_DATA BLOCK_:

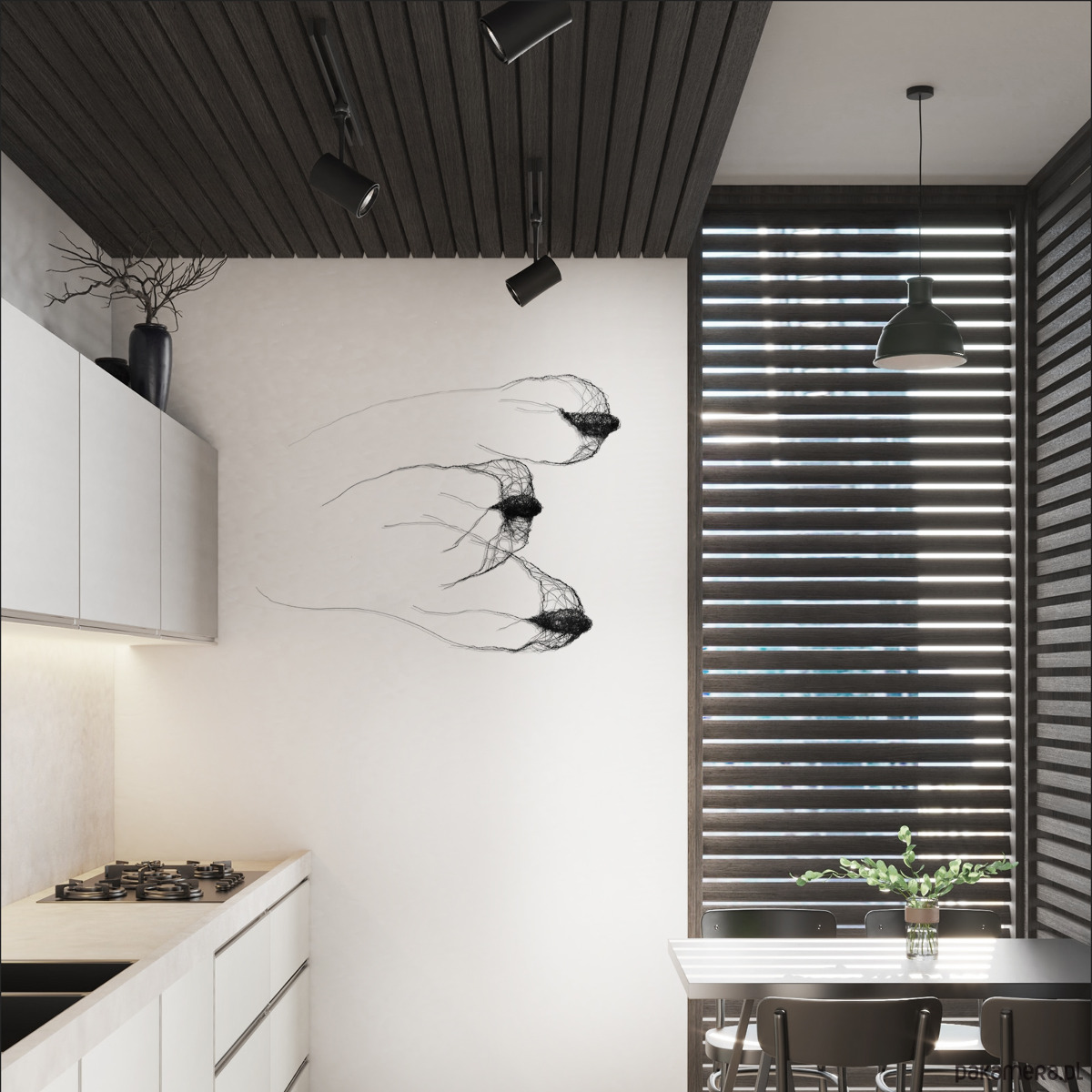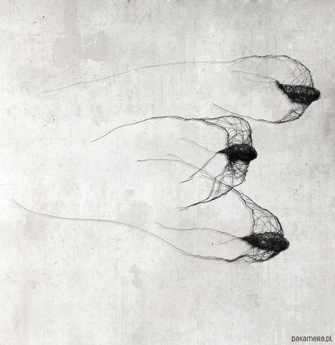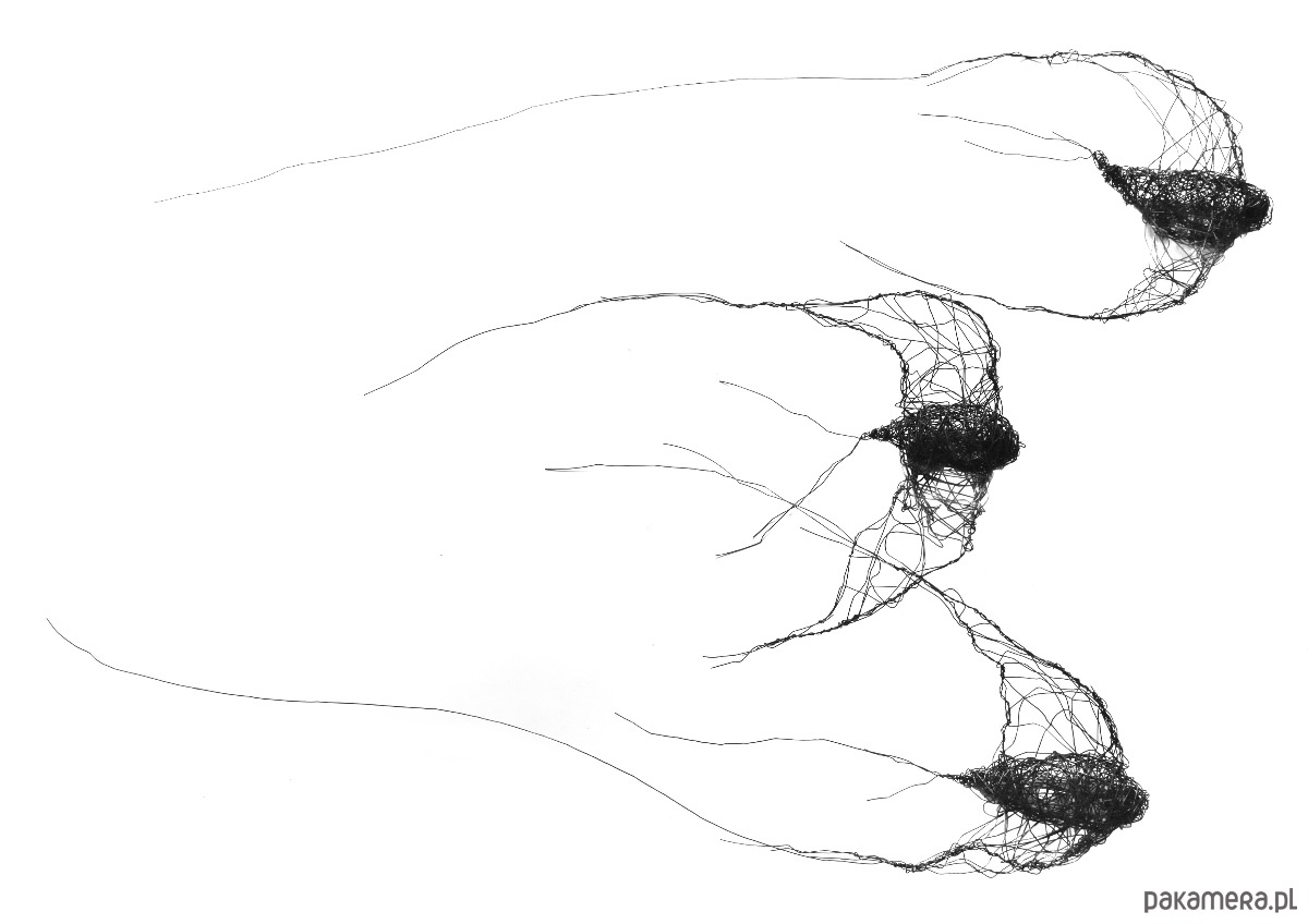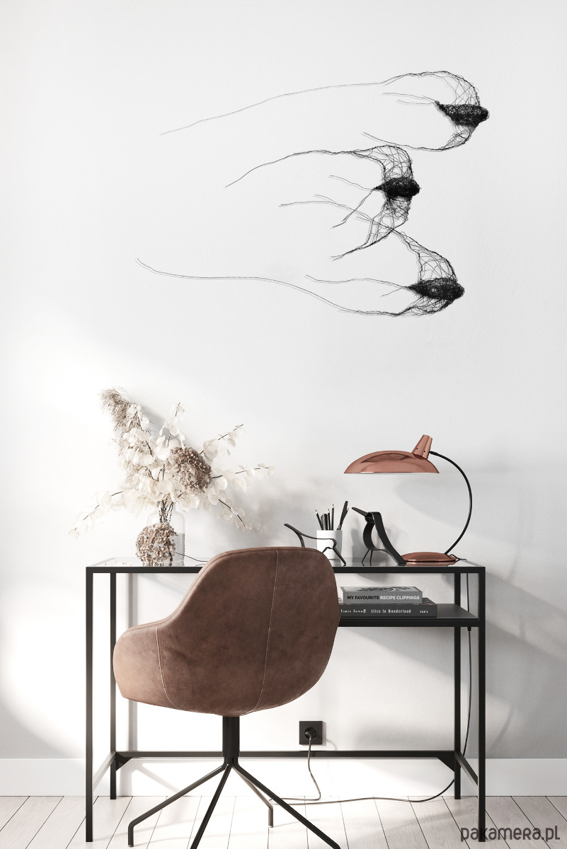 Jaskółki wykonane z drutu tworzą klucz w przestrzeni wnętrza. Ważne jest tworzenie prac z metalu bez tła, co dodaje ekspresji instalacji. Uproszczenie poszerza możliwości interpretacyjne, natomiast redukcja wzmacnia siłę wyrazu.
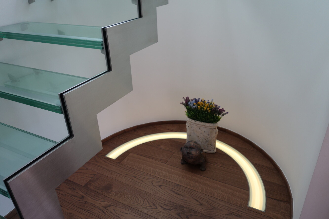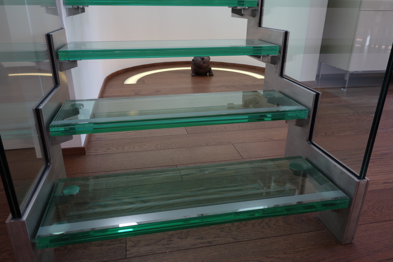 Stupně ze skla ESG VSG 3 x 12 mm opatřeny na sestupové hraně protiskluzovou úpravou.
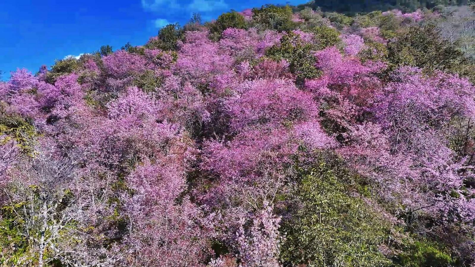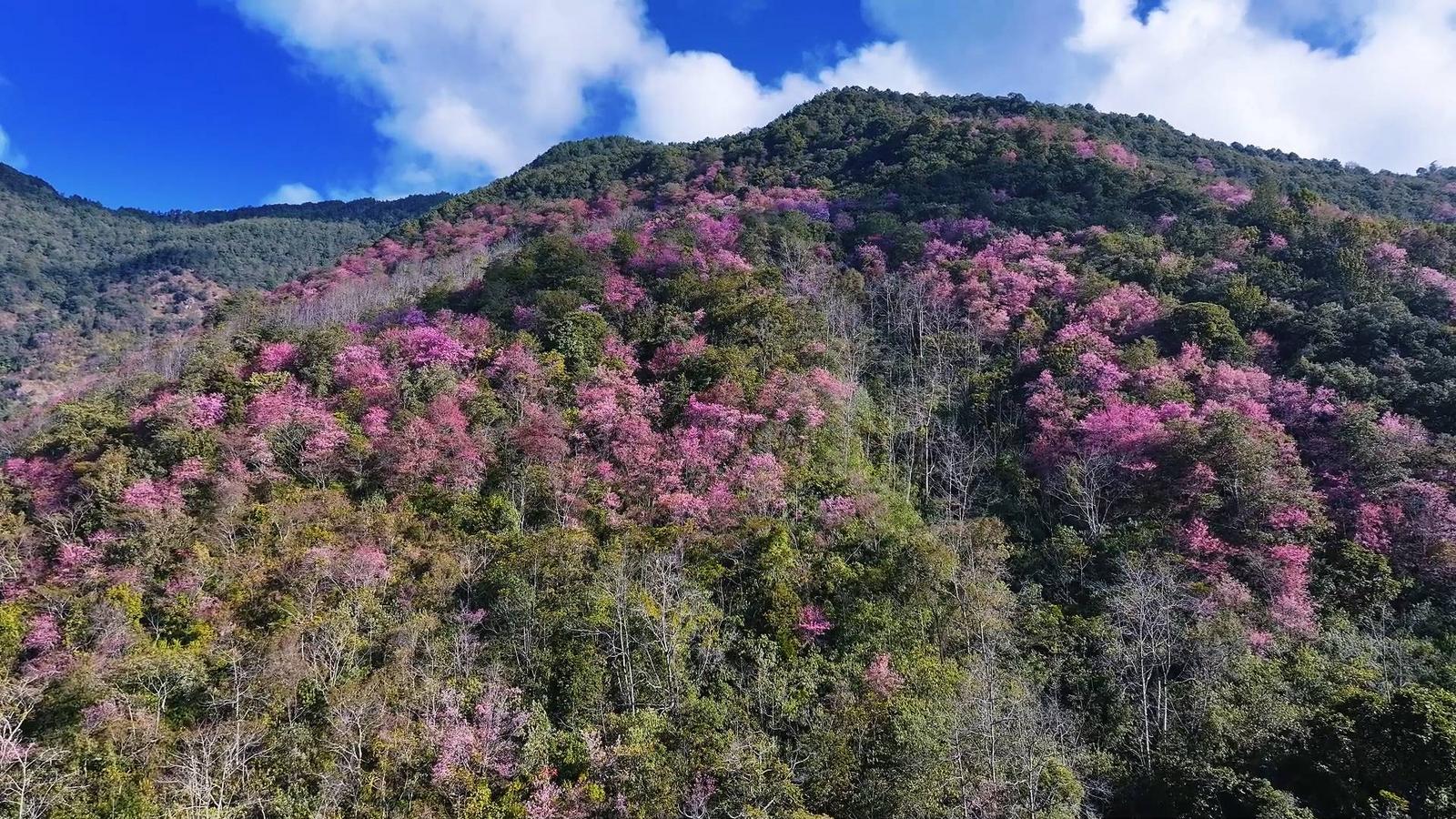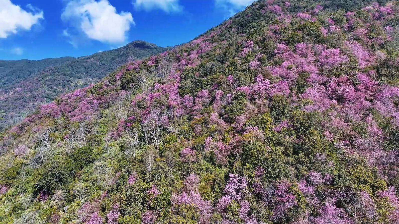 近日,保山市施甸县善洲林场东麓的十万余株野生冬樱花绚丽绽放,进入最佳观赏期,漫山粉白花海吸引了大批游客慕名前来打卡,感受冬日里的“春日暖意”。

_TASK TO CARRY OUT_:
Word for word, restate each line above, minus its pictures.

_RESULT OF THIS TASK_:
 Jaskółki wykonane z drutu tworzą klucz w przestrzeni wnętrza. Ważne jest tworzenie prac z metalu bez tła, co dodaje ekspresji instalacji. Uproszczenie poszerza możliwości interpretacyjne, natomiast redukcja wzmacnia siłę wyrazu.
 Stupně ze skla ESG VSG 3 x 12 mm opatřeny na sestupové hraně protiskluzovou úpravou.
 近日,保山市施甸县善洲林场东麓的十万余株野生冬樱花绚丽绽放,进入最佳观赏期,漫山粉白花海吸引了大批游客慕名前来打卡,感受冬日里的“春日暖意”。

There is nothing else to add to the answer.